Nancy Pelosi Examines Washington's Dearth of Big Ideas
Since 1987, Nancy Pelosi has represented California's Eighth District in the House of Representatives. The Eighth District includes most of the City of San Francisco including Golden Gate Park, Fisherman's Wharf, Chinatown, and many of the diverse neighborhoods that make San Francisco a vibrant and prosperous community. Overwhelmingly elected by her colleagues in the fall of 2002 as Democratic Leader of the House of Representatives, Nancy Pelosi is the first woman in American history to lead a major party in the U.S. Congress.
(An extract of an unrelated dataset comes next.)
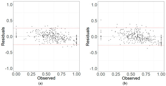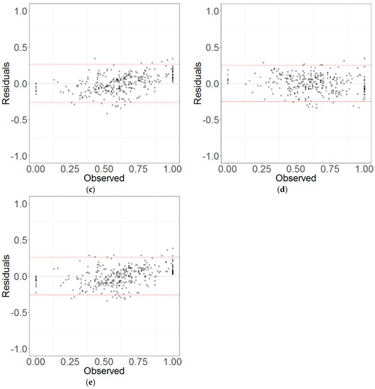 The residuals of percentage vegetation cover predictions graphed against the observations or referenced values for Duolun County using: (a) Linear stepwise regression (LSR); (b) Geographically weighted regression (GWR); (c) Constant kNN (Cons_kNN) with 11 nearest plots; (d) Optimized kNN (Opt_kNN); and (e) Random forest (RF). The red dashed lines represented the confidence interval of zone residuals at the significant level of 0.05.
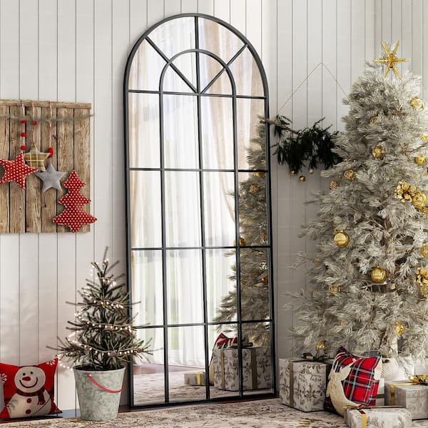 23 in. W x 65 in. H Arched Black Metal Framed Decorative Full Length Mirror Floor Mirror

Before being elected Leader, she served as House Democratic Whip for one year and was responsible for the party's legislative strategy in the House. On January 4, 2007, Nancy Pelosi was elected Speaker of the United States House of Representatives. She has been a proponent of increased investments in health research and authored legislation to create an independent national commission to assess the overall performance of the federal government before, during, and after the September 11 attacks.
Question: Do you think Washington is made for big ideas?
Nancy Pelosi: No. <laughs> And it's following its own natural instinct. Washington is a city of the status quo where incremental-ism has been the order of the day. That, by the way, is not the tradition of our founders. Our founding fathers were entrepreneurial thinkers; they thought big. Just review what they did. And they thought it, and they wrote a constitution that enabled us to think big. Somewhere along the way we got stuck in the status quo city of Washington, D.C. But when Democrats took the majority we sought to unlock that stranglehold, that status quo thinking has on Washington. We made some major changes in legislation-- but with a new President to sign the bills we'll be able to do much more.
Recorded on: June 24, 2008
Speaker Nancy Pelosi on how D.C. lost its mojo.